• What to produce: Your task is to print all of the data below exactly, with no pictures included.

• Dataset section:
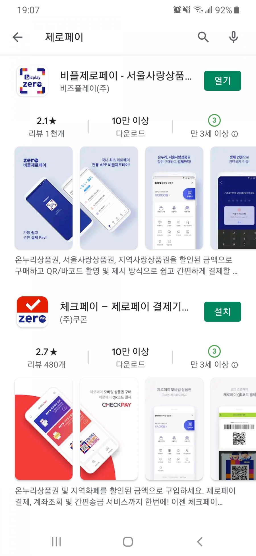 그래서 저는 구글 플레이스토어에서 '제로페이'로 검색하면
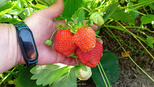 Первый сбор ягод клубники (садовой земляники).
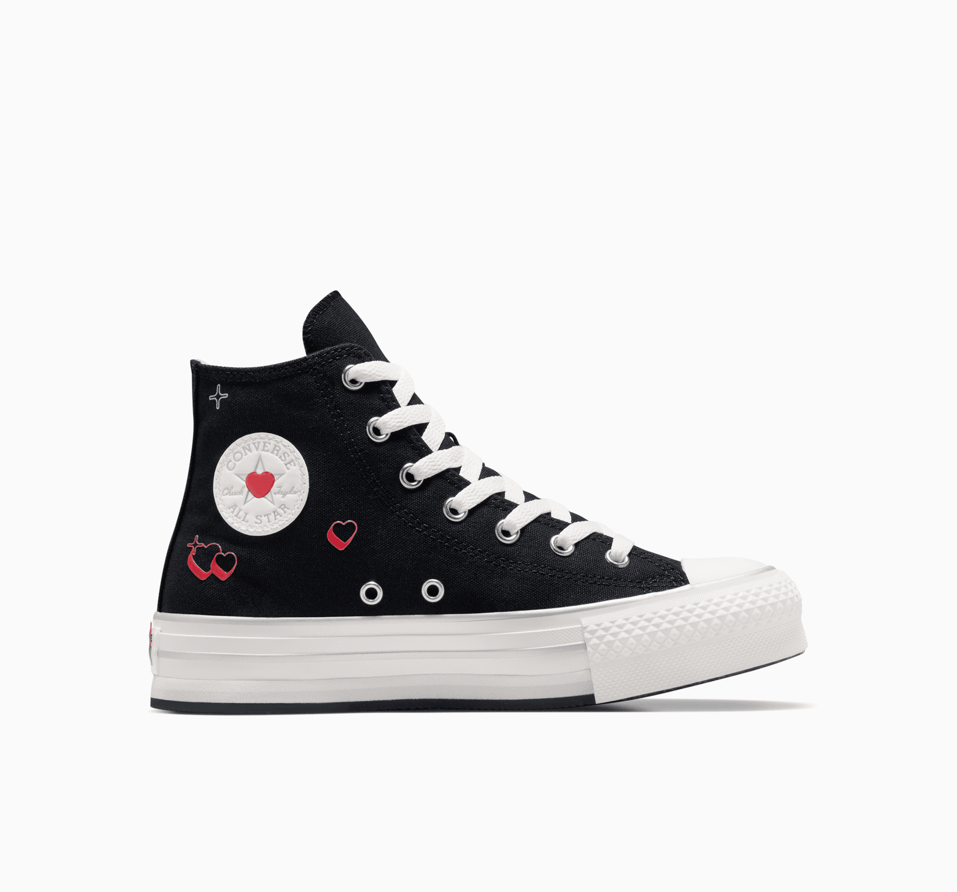 Trandafirii sunt roșii, violetele sunt albastre - fă din acești Chucks preferații tăi. Inimile minuscule și detaliile metalice te duc cu gândul la o scrisoare de dragoste din Y2K. În plus, există o inimă mică pe peticul gleznei, pentru a fi și mai adorabili.

• Answer below:
 그래서 저는 구글 플레이스토어에서 '제로페이'로 검색하면
 Первый сбор ягод клубники (садовой земляники).
 Trandafirii sunt roșii, violetele sunt albastre - fă din acești Chucks preferații tăi. Inimile minuscule și detaliile metalice te duc cu gândul la o scrisoare de dragoste din Y2K. În plus, există o inimă mică pe peticul gleznei, pentru a fi și mai adorabili.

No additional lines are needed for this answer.